The team plans to address sense-making by examining the schemas (outlines for thinking about situations that guide a response) that individuals bring to this pandemic. Schemas are informed by previously experienced events, such as a hurricane, a terrorist attack, or other public health crisis. The team will also investigate the communities with which individuals identify—national, local, religious, occupational—that can guide behavior. Researchers will then assess participants’ self-reported behavioral responses throughout the pandemic.

So far, the gathered data has been informative, particularly with regard to stress and anxiety, says Dominic Packer, a professor of psychology in Lehigh’s College of Arts and Sciences. “People who’ve lost their job or have less income because of COVID are obviously more stressed out,” he says. “Anyone who’s experienced disruptions—like having trouble getting health care, or parents managing kids at home—has more elevated stress.”

However, it seems that community identity can predict lower immediate stress or decreased stress over time.

“It’s this feeling that you live in a community where you’re connected to other people, that they’re supportive, that your community is coping fairly well,” he says. “That’s a strong predictor of less stress. It’s actually one of the strongest predictors we’re seeing in our data. It makes sense because in a disaster, you suddenly are bound to your community. You can’t really go anywhere else, all your outcomes are linked to factors like ‘Do my grocery stores have toilet paper?’ and ‘Is my hospital able to function?’”

Photo credit: IStock/NYCShooter (left); "COVID-19 Cautious Shopper" (CC BY-NC-ND 2.0) by Gilbert Mercier (center); IStock/SDI Productions

Early data also indicates that individuals who focus on the local community rather than issues at a state, national, or global level experience less stress. “That was true even in the hardest-hit states,” says Packer, “I think because although things are terrible overall, in your local community, for most people ... neighbors are helping each other.”

Bocchini says the ultimate goal is to devise a way to measure what he calls the “lag” between perception and reality. In other words, to show the lag exists, and that it can be quantified. Such understanding will enhance the models depicting community resilience after a disaster.

“Understanding this lag can make a difference when you’re assessing decisions about how to allocate funding for a certain retrofit, what protocols should be prepared, or how many crews should be on standby in case of a coming hurricane. Or in this case, whether parents will send their kids back to college. All of these decisions rely on some predictive models, and the more accurate the predictive models are, the better these decisions will be,” he says.

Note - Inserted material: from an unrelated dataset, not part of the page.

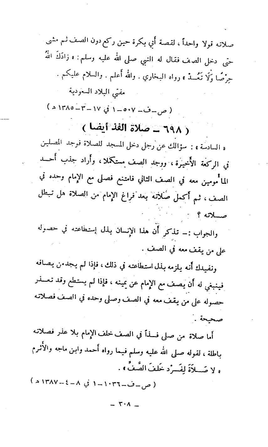 "السادسة" سؤالك عن رجل دخل المسجد للصلاة فوجد المصلين في الركعة الأخيرة، ووجد الصف مستكملاً وأراد جذب أحد المأمومين معه في الصف الثاني فامتنع فصلى مع الإمام وحده في الصف، ثم أكمل صلاته بد فراغ الإمام من الصلاة هل تبطل صلاته؟

Bocchini is particularly excited to see if the paradigm he’s used for more than a decade to assess recovery in infrastructure systems after a natural disaster can be applied to a range of negative events, from coral reef extinction to pandemics.  

“We have standardized, quantitative measures of resilience for services after natural disasters,” he says. “The same concept could work for pandemics.”

Bocchini and his team are taking advantage of the unusual vantage point the virus has given them—an abundance of time to study its ripple effects on our critical services.

“If we have good models of the kinds of impacts made by a pandemic and the evolution of those impacts, it will allow decision-makers to invest in mitigation and preparedness. So if it happens again, we’ll be more prepared to face it.”